## Data for processing
--- START ---

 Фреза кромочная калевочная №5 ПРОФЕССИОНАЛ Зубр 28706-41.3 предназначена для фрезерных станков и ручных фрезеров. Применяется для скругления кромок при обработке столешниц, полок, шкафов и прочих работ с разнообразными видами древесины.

--- END ---
--- START ---

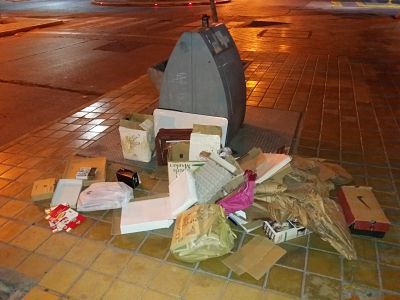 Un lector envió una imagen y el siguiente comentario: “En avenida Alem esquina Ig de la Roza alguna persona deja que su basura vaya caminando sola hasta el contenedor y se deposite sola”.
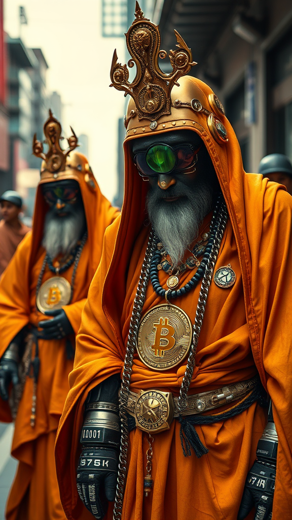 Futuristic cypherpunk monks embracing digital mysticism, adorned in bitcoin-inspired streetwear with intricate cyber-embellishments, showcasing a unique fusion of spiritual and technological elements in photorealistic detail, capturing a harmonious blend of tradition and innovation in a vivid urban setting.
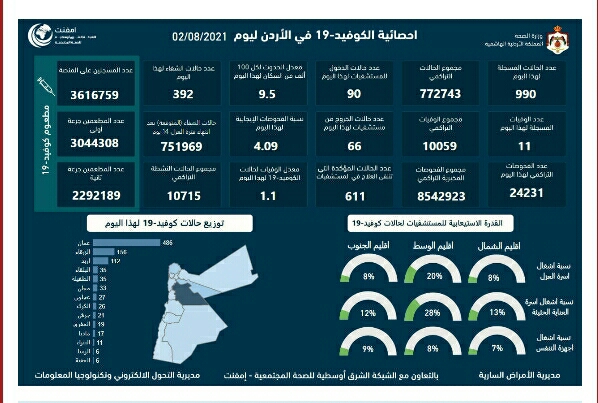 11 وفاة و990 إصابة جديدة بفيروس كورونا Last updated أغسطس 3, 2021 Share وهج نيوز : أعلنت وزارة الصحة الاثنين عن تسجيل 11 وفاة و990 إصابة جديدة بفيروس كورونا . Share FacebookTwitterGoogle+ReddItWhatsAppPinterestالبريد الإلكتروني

--- END ---
--- START ---

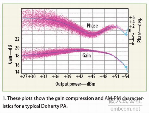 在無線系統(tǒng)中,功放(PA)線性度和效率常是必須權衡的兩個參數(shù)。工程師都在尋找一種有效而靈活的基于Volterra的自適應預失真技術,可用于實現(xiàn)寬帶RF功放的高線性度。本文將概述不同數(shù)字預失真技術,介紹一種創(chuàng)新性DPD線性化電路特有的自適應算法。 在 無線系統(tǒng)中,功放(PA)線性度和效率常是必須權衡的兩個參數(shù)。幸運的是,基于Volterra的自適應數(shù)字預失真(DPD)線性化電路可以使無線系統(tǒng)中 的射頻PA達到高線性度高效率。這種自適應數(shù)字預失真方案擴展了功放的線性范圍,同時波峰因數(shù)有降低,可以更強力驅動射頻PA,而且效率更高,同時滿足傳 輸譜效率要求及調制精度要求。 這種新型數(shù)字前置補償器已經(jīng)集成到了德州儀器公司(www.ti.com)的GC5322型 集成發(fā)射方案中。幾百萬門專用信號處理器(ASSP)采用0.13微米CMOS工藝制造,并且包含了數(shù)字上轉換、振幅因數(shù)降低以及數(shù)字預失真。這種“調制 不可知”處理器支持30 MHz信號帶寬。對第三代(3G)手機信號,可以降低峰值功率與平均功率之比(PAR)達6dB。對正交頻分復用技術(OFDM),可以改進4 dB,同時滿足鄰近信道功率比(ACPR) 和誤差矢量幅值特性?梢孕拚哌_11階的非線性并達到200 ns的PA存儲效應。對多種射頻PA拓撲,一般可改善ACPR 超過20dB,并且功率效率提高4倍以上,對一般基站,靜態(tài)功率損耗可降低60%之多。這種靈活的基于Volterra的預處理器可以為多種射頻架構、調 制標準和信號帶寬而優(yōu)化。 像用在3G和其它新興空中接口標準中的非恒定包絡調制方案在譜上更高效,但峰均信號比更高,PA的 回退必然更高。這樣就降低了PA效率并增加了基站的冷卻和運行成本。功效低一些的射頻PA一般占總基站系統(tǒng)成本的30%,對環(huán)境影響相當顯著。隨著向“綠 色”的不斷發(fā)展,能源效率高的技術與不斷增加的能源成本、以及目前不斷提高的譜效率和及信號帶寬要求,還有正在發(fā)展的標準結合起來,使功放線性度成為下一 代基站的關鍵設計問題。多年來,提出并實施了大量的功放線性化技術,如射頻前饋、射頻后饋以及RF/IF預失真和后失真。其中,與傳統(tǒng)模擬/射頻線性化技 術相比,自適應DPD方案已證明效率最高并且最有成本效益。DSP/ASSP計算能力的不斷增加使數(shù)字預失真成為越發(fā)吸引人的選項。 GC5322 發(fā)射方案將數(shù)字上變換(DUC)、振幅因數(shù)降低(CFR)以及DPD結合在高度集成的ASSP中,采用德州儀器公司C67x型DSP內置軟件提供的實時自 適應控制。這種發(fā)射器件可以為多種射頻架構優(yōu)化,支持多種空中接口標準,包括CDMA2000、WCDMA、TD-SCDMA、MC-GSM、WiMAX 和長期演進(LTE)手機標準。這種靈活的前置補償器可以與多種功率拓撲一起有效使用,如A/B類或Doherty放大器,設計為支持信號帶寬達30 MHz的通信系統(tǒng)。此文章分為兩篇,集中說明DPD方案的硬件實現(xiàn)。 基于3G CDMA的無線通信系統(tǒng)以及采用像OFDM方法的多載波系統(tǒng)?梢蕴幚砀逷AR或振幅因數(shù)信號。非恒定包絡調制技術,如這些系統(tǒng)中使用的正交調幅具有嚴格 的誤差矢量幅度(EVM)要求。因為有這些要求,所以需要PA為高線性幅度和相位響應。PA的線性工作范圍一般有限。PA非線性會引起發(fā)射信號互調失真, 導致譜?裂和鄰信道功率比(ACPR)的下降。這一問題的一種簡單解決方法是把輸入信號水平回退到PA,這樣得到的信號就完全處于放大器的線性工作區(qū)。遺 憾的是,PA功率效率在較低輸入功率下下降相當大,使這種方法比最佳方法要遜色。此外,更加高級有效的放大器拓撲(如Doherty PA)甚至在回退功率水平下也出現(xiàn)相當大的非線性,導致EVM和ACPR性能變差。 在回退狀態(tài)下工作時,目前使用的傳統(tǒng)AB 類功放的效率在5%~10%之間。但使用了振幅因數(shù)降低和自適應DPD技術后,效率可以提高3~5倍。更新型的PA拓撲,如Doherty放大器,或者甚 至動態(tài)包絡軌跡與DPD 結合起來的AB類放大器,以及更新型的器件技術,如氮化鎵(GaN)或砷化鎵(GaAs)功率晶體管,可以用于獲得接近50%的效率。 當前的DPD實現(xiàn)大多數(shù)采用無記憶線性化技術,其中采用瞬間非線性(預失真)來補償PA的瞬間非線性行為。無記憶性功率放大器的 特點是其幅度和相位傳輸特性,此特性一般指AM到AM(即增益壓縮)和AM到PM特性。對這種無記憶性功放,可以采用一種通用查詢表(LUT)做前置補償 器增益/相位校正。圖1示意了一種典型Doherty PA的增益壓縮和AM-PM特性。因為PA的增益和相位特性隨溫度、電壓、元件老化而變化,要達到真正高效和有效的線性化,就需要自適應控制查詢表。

--- END ---

Begin at the line in the entries above that has "Un lector envió", stop after the line that has "Futuristic cypherpunk monks", and output exactly those lines without pictures.

## Answer box
 Un lector envió una imagen y el siguiente comentario: “En avenida Alem esquina Ig de la Roza alguna persona deja que su basura vaya caminando sola hasta el contenedor y se deposite sola”.
 Futuristic cypherpunk monks embracing digital mysticism, adorned in bitcoin-inspired streetwear with intricate cyber-embellishments, showcasing a unique fusion of spiritual and technological elements in photorealistic detail, capturing a harmonious blend of tradition and innovation in a vivid urban setting.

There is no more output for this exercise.